# RAW DATA
··········

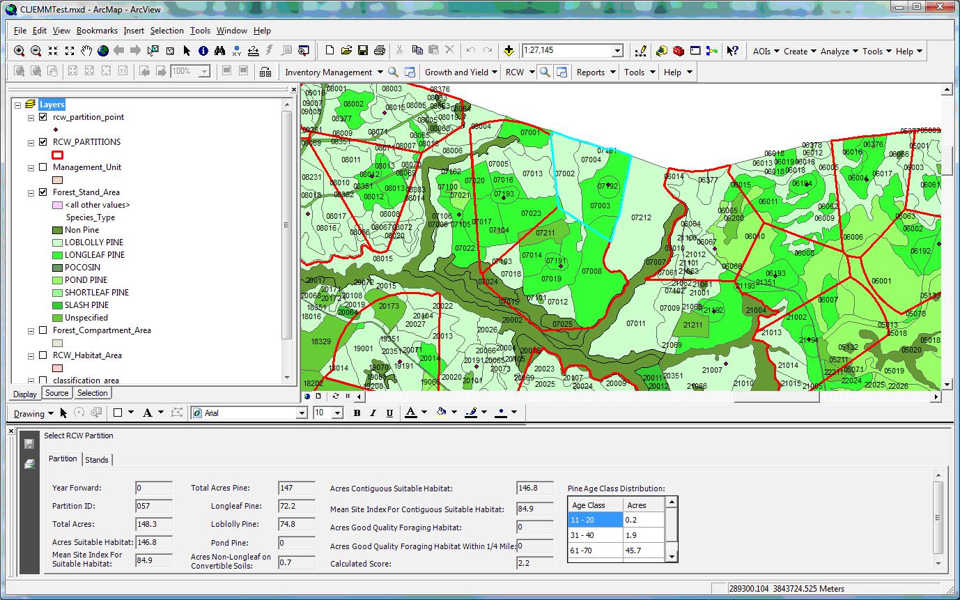 This project involved software development and maintenance for an ecosystem management model using ArcMap, SQL Server, SDE, and VB.NET. The application predicts future land conditions based on user specified management strategies. Future conditions are reported in a variety of formats including text, graphs, maps, and pictures. Tools have been created that allow the user to interactively specify the management strategy for a particular management unit. The application integrates Forest Vegetation Simulator (FVS) to predict future forest conditions based on management actions. A tool within the application analyzes and rates forest stands for Red Cockaded Woodpecker habitat suitability. Stands are analyzed within a buffer distance surrounding known nesting colonies of this endangered species. Contiguous habitat areas are calculated based on a minimum distance between stands with suitable habitat. Kingbird Software provided software development services for this project.
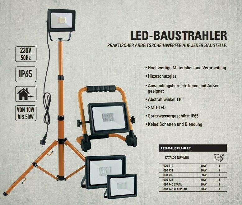 MOTIVE LED Baustrahler Arbeitsscheinwerfer Arbeitsleuchte Stativ Halter vob 10W bis 50W
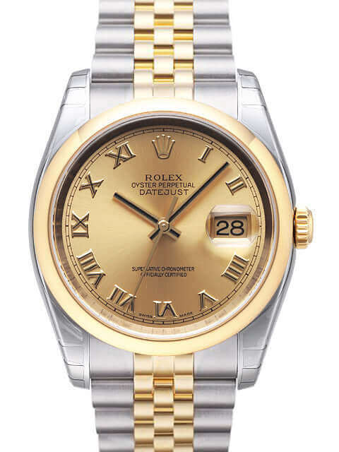Gehäuse aus Edelstahl poliert und satiniert, Gehäusedurchmesser 36 mm, Gehäusehöhe 11,4 mm, glatte 18 kt Gelbgold Lünette poliert, Jubilé Edelstahl / 18 kt Gelbgold Armband poliert und satiniert mit Faltschließe, Champagner Zifferblatt mit aufgesetzten goldenen römischen Ziffern, goldene Zeiger, Automatikwerk, Chronometer, Rolex Manufakturkaliber 3135 mit 31 Steine, Schwingung 28.800 A/h, kratzfestes Saphirglas, Datumsanzeige, Krone aus 18 kt Gelbgold verschraubbar, verschraubter Edelstahlboden, Wasserdicht bis 10 bar.
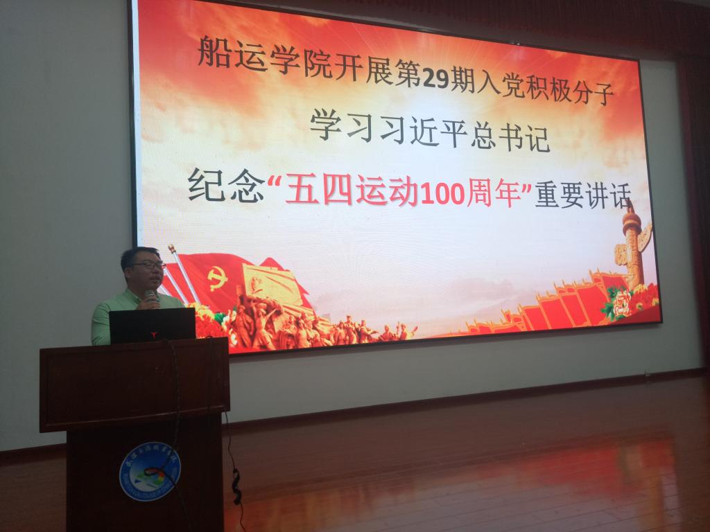开展入党积极分子培训是党员发展工作的重要环节,是熟悉和掌握党的基本知识、基本理论的基本需要,积极参加培训不仅是一次难得的机会,也是政治生活的一件大事,更是在人生道路上迈出的重要一步。为此,5月9日,船运学院学生党支部组织我院29期入党积极分子学习“习近平总书记纪念五四运动100周年重要讲话”党日活动。
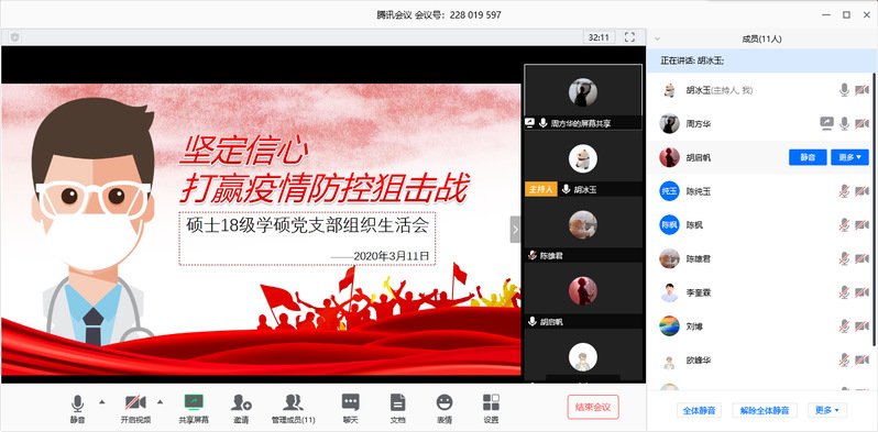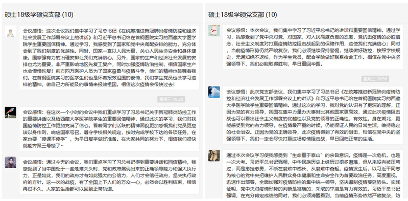3月11日下午,研究生辅导员组织硕士18级学硕党支部开展了“坚定信心 打赢疫情防控阻击战”为主题的“云”支部组织生活会,刘博副书记和党支部全体党员参会。会议深入学习了习近平总书记《在统筹推进新冠肺炎疫情防控和经济社会发展工作部署会议上的讲话》和习近平总书记给在首钢医院实习的西藏大学医学院学生重要回信精神。刘书记传达了近期学校防疫相关工作要求,勉励大家要坚定理想信念,充分发挥党员的先锋模范带头作用,积极配合学校和学院相关工作,以实际行动为早日战胜疫情贡献自身的力量。

··········

# BRIEF
All that should be returned is the run of lines from the start of the entries above to the line bearing "MOTIVE LED Baustrahler", each exact, with pictures omitted.

# ANSWER SPACE
 This project involved software development and maintenance for an ecosystem management model using ArcMap, SQL Server, SDE, and VB.NET. The application predicts future land conditions based on user specified management strategies. Future conditions are reported in a variety of formats including text, graphs, maps, and pictures. Tools have been created that allow the user to interactively specify the management strategy for a particular management unit. The application integrates Forest Vegetation Simulator (FVS) to predict future forest conditions based on management actions. A tool within the application analyzes and rates forest stands for Red Cockaded Woodpecker habitat suitability. Stands are analyzed within a buffer distance surrounding known nesting colonies of this endangered species. Contiguous habitat areas are calculated based on a minimum distance between stands with suitable habitat. Kingbird Software provided software development services for this project.
 MOTIVE LED Baustrahler Arbeitsscheinwerfer Arbeitsleuchte Stativ Halter vob 10W bis 50W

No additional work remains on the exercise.